▸ **How to complete this task**: Copy the records below word for word, from the first line through the line that contains "Vintage gems, fused", and leave out any pictures.

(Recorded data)
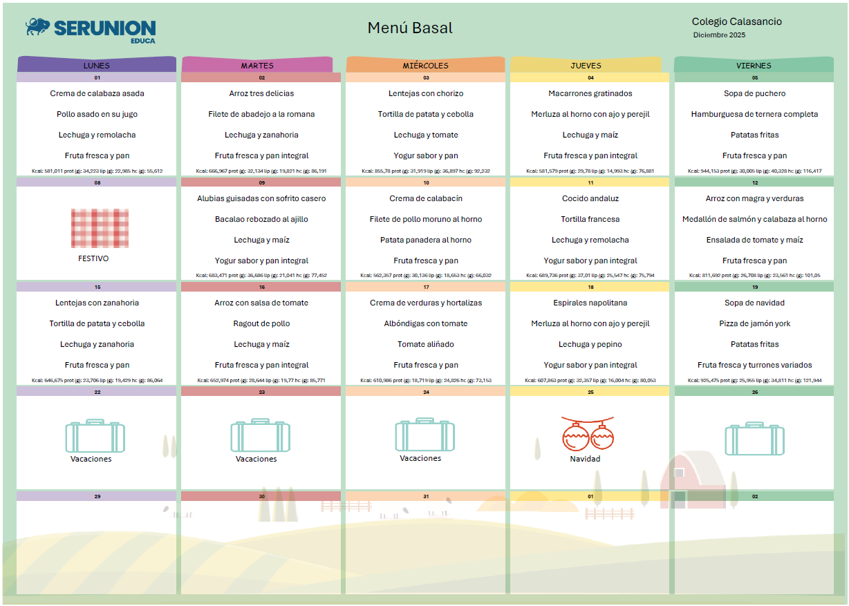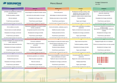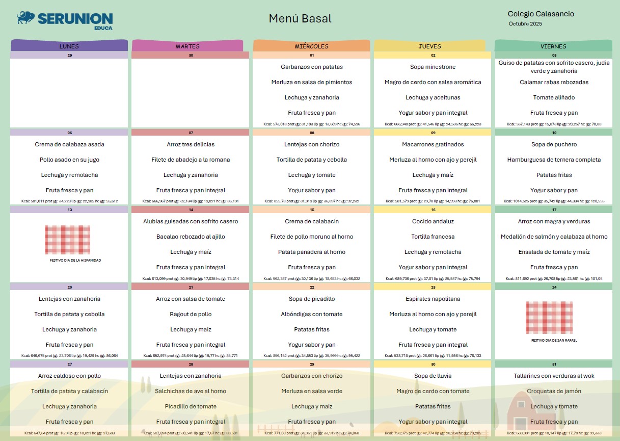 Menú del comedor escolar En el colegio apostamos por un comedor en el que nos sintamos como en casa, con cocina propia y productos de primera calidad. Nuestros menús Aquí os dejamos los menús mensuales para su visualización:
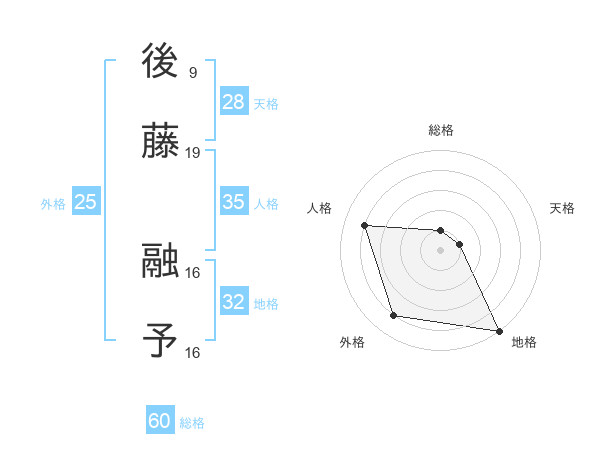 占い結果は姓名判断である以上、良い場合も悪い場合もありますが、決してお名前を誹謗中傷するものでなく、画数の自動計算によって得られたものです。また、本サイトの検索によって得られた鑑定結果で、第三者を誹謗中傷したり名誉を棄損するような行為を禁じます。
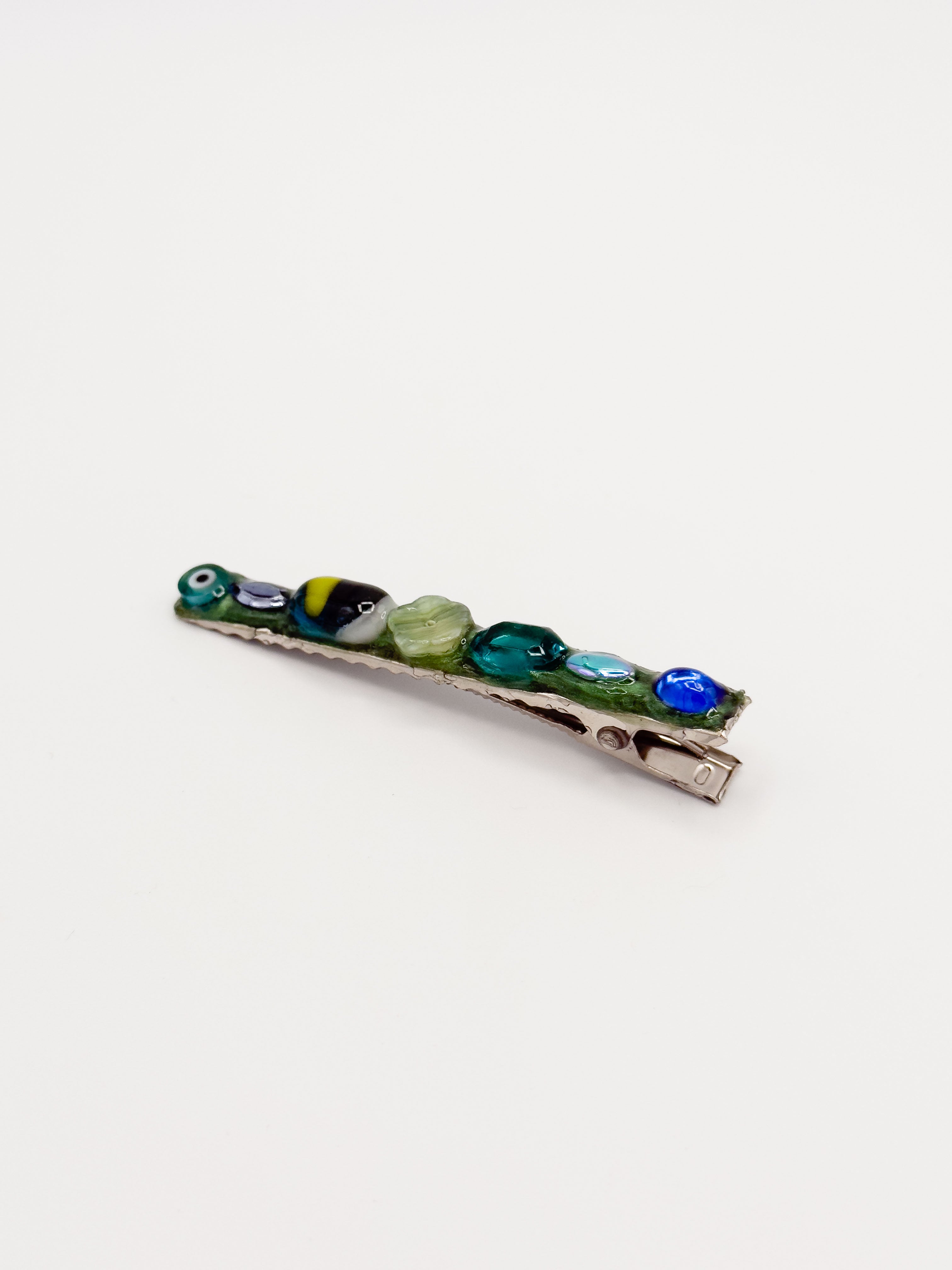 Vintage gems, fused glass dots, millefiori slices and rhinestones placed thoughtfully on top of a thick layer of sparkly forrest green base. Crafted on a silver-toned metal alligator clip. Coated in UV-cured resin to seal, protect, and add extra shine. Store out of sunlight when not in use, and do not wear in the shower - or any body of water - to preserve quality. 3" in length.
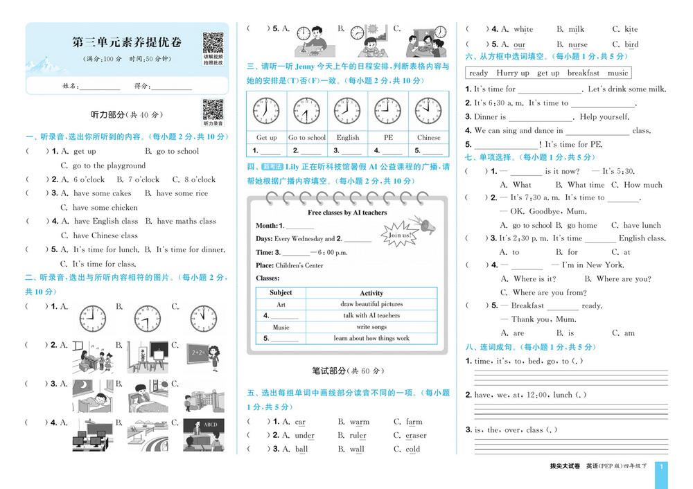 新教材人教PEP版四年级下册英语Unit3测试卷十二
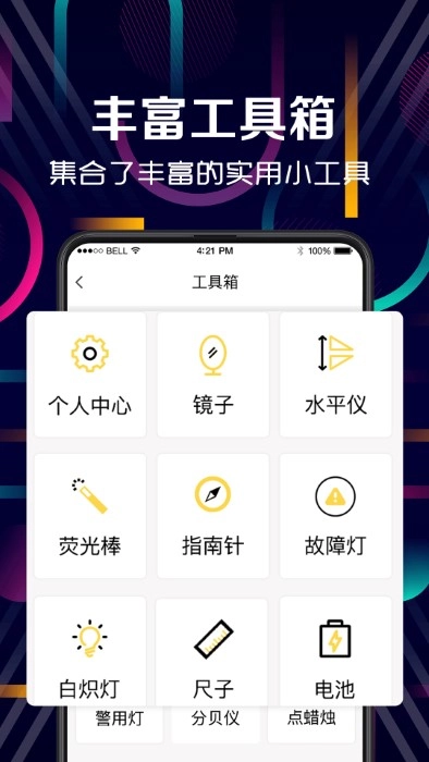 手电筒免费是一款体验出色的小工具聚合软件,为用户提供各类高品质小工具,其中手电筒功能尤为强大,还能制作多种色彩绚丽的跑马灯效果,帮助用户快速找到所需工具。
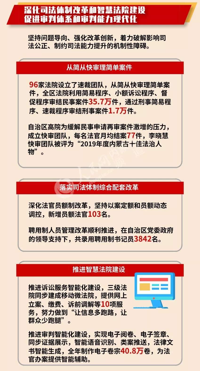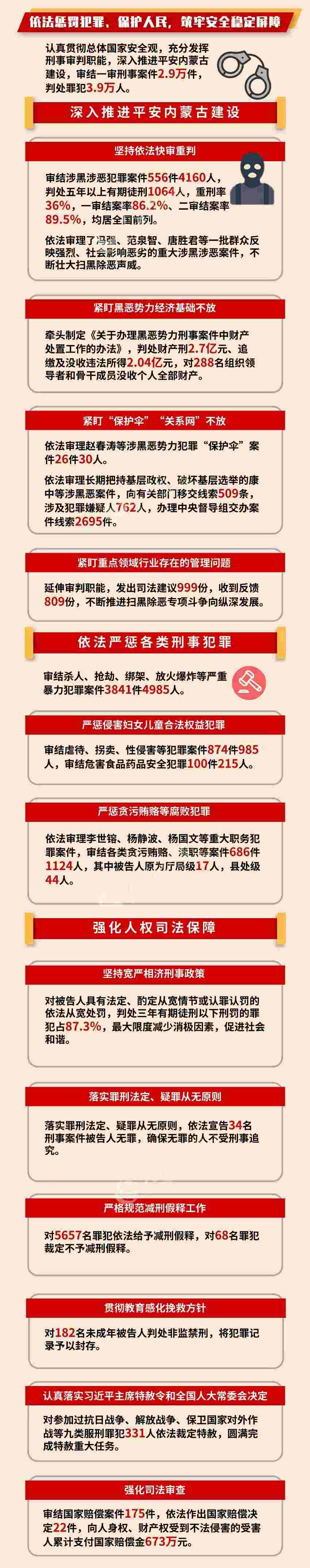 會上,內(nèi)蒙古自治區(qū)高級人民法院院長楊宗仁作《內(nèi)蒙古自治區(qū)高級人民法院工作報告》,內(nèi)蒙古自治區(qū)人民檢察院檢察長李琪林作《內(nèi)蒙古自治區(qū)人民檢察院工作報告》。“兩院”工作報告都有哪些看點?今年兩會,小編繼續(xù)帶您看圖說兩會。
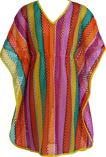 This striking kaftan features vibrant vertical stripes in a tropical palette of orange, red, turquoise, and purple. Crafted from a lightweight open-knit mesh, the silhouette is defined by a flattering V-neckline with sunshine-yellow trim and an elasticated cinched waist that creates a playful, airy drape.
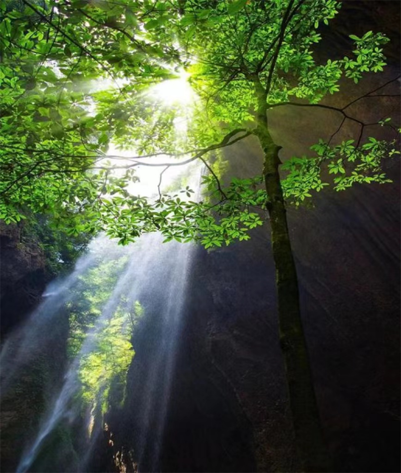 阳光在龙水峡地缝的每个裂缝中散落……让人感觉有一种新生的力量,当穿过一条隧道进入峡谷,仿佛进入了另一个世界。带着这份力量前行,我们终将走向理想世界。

▸ **Answer space**:
 Menú del comedor escolar En el colegio apostamos por un comedor en el que nos sintamos como en casa, con cocina propia y productos de primera calidad. Nuestros menús Aquí os dejamos los menús mensuales para su visualización:
 占い結果は姓名判断である以上、良い場合も悪い場合もありますが、決してお名前を誹謗中傷するものでなく、画数の自動計算によって得られたものです。また、本サイトの検索によって得られた鑑定結果で、第三者を誹謗中傷したり名誉を棄損するような行為を禁じます。
 Vintage gems, fused glass dots, millefiori slices and rhinestones placed thoughtfully on top of a thick layer of sparkly forrest green base. Crafted on a silver-toned metal alligator clip. Coated in UV-cured resin to seal, protect, and add extra shine. Store out of sunlight when not in use, and do not wear in the shower - or any body of water - to preserve quality. 3" in length.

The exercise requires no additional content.